Segment Start: Provided data

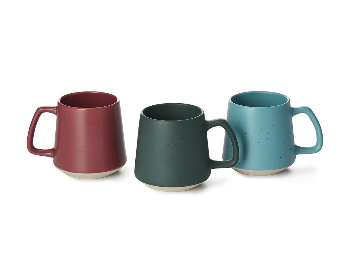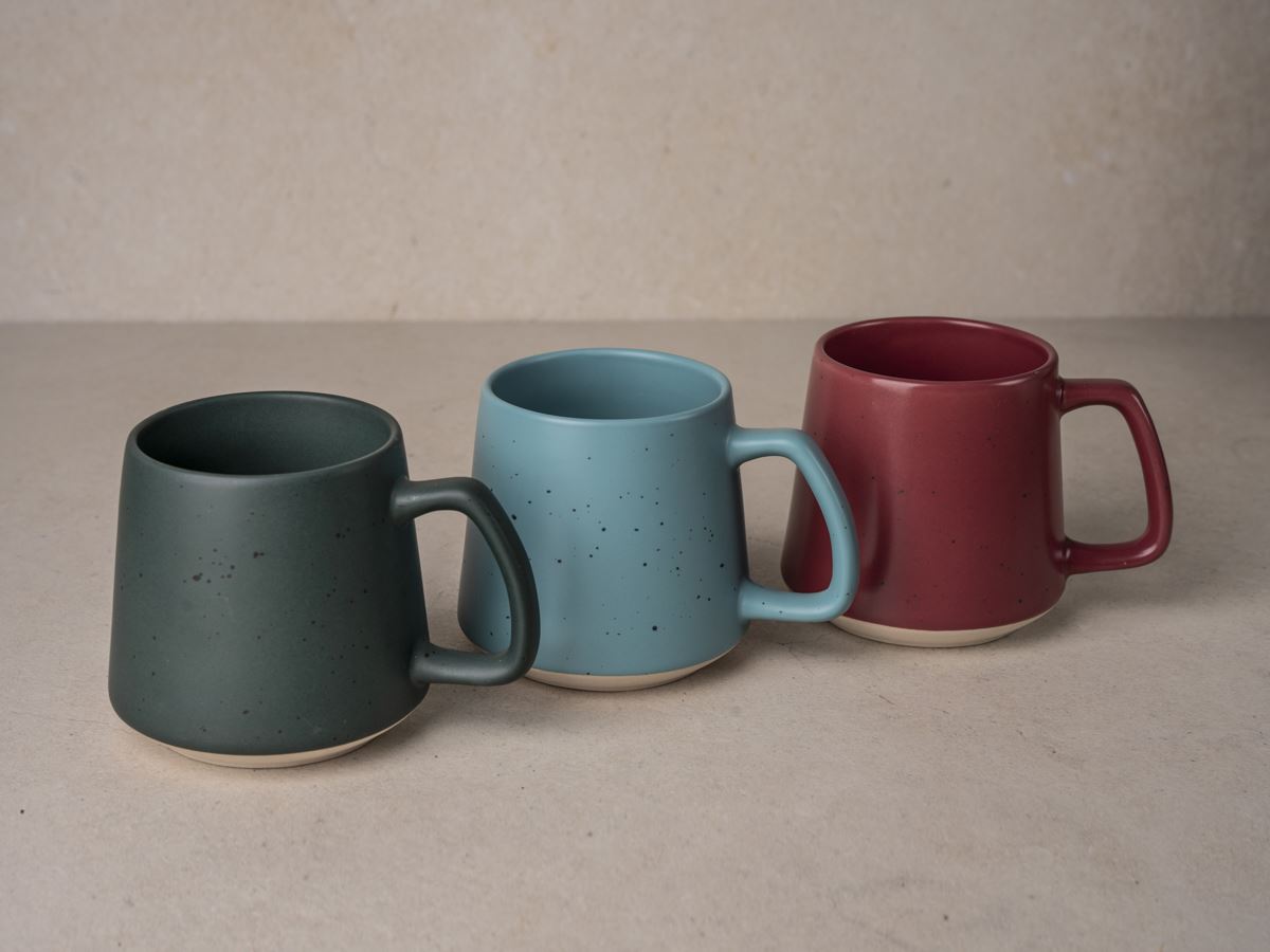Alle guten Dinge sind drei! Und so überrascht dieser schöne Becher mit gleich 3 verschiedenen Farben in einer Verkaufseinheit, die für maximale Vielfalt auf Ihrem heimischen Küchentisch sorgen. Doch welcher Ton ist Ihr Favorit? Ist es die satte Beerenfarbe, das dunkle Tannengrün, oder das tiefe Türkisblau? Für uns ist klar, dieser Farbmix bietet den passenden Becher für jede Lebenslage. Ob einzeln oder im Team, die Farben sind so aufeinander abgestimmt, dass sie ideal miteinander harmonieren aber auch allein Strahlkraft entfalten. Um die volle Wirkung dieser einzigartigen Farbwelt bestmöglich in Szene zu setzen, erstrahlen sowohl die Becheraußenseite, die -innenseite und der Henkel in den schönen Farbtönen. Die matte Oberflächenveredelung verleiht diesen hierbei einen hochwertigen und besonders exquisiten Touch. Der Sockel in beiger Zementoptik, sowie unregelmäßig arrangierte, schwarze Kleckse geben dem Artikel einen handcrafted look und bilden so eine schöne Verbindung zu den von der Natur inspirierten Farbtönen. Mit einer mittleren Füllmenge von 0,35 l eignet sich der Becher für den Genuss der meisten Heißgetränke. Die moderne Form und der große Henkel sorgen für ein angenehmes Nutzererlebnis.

Segment End: Provided data
Segment Start: Provided data

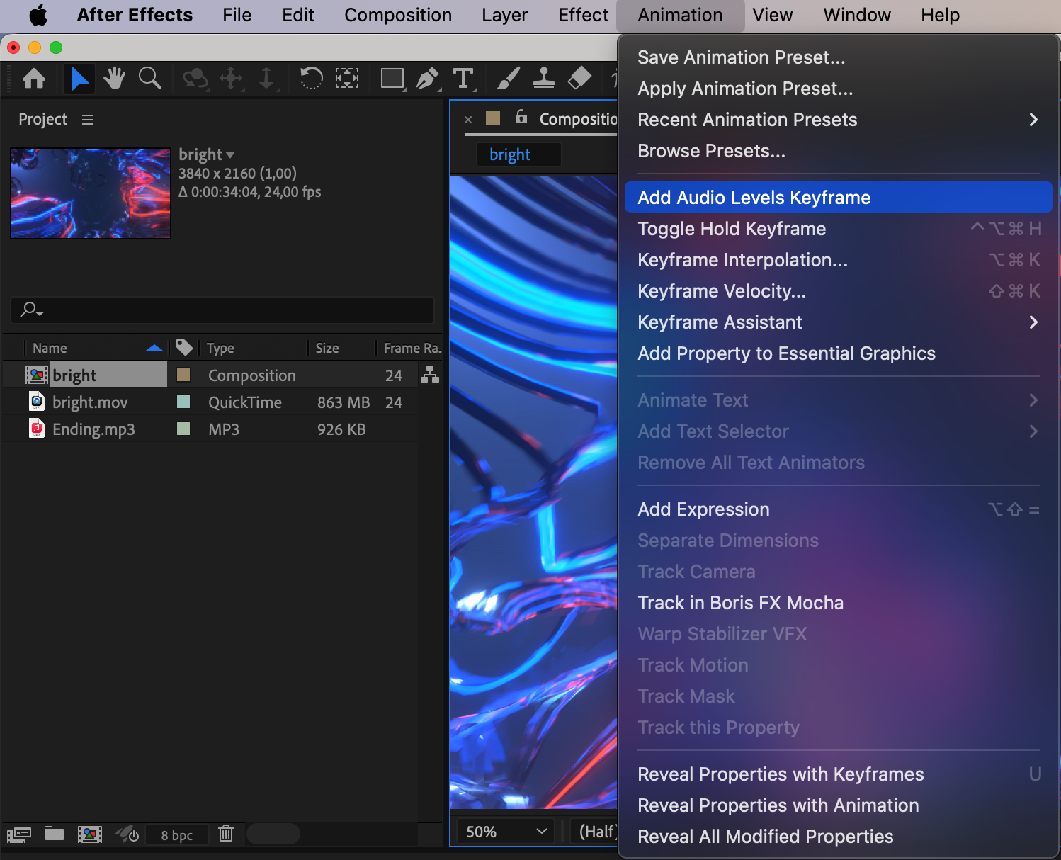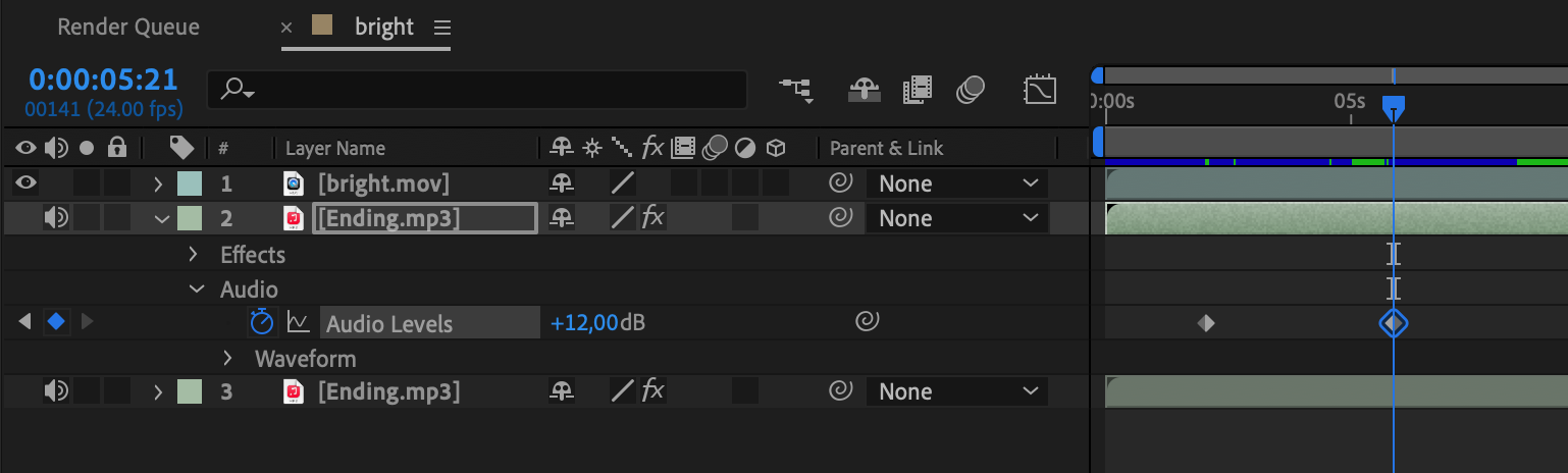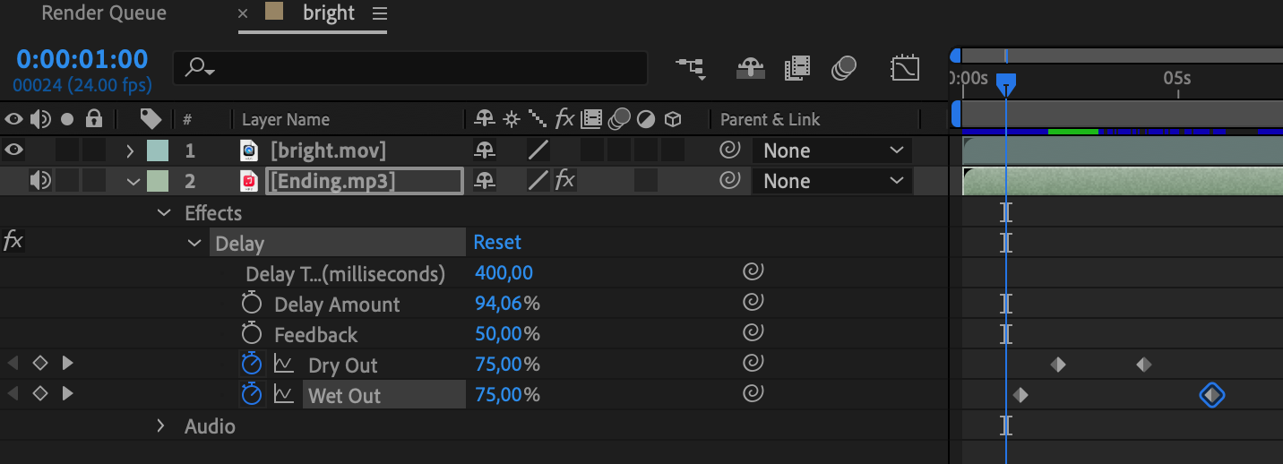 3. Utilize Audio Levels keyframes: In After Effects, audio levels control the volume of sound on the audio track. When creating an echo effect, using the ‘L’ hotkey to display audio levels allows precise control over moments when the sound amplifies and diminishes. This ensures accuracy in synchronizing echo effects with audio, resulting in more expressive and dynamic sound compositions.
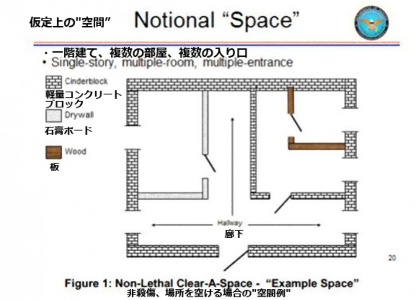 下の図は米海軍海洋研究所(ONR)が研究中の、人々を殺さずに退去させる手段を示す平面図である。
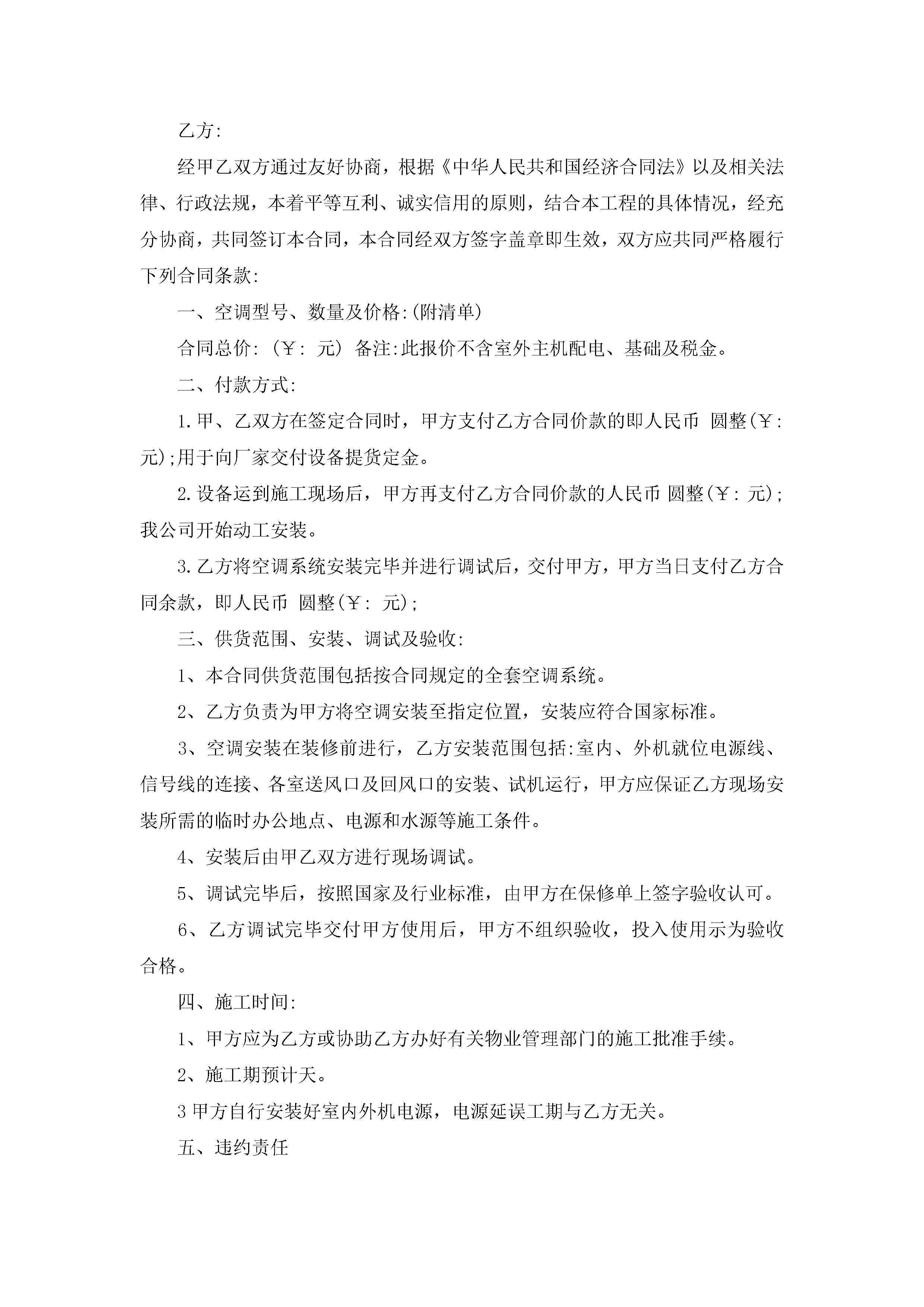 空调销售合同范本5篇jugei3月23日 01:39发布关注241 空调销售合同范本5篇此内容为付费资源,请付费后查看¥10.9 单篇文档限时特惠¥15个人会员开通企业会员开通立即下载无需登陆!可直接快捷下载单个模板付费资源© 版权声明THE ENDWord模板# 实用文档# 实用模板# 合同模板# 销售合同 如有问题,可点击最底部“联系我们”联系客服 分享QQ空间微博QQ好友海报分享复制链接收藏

Segment End: Provided data

Only one stretch of the entries above is needed: the lines from the one containing "3. Utilize Audio" through the one containing "空调销售合同范本5篇jugei3月23日 01:39发布关注241 空调销售合同范本5篇此内容为付费资源,请付费后查看¥10.9". Copy it exactly, without the pictures.

 3. Utilize Audio Levels keyframes: In After Effects, audio levels control the volume of sound on the audio track. When creating an echo effect, using the ‘L’ hotkey to display audio levels allows precise control over moments when the sound amplifies and diminishes. This ensures accuracy in synchronizing echo effects with audio, resulting in more expressive and dynamic sound compositions.
 下の図は米海軍海洋研究所(ONR)が研究中の、人々を殺さずに退去させる手段を示す平面図である。
 空调销售合同范本5篇jugei3月23日 01:39发布关注241 空调销售合同范本5篇此内容为付费资源,请付费后查看¥10.9 单篇文档限时特惠¥15个人会员开通企业会员开通立即下载无需登陆!可直接快捷下载单个模板付费资源© 版权声明THE ENDWord模板# 实用文档# 实用模板# 合同模板# 销售合同 如有问题,可点击最底部“联系我们”联系客服 分享QQ空间微博QQ好友海报分享复制链接收藏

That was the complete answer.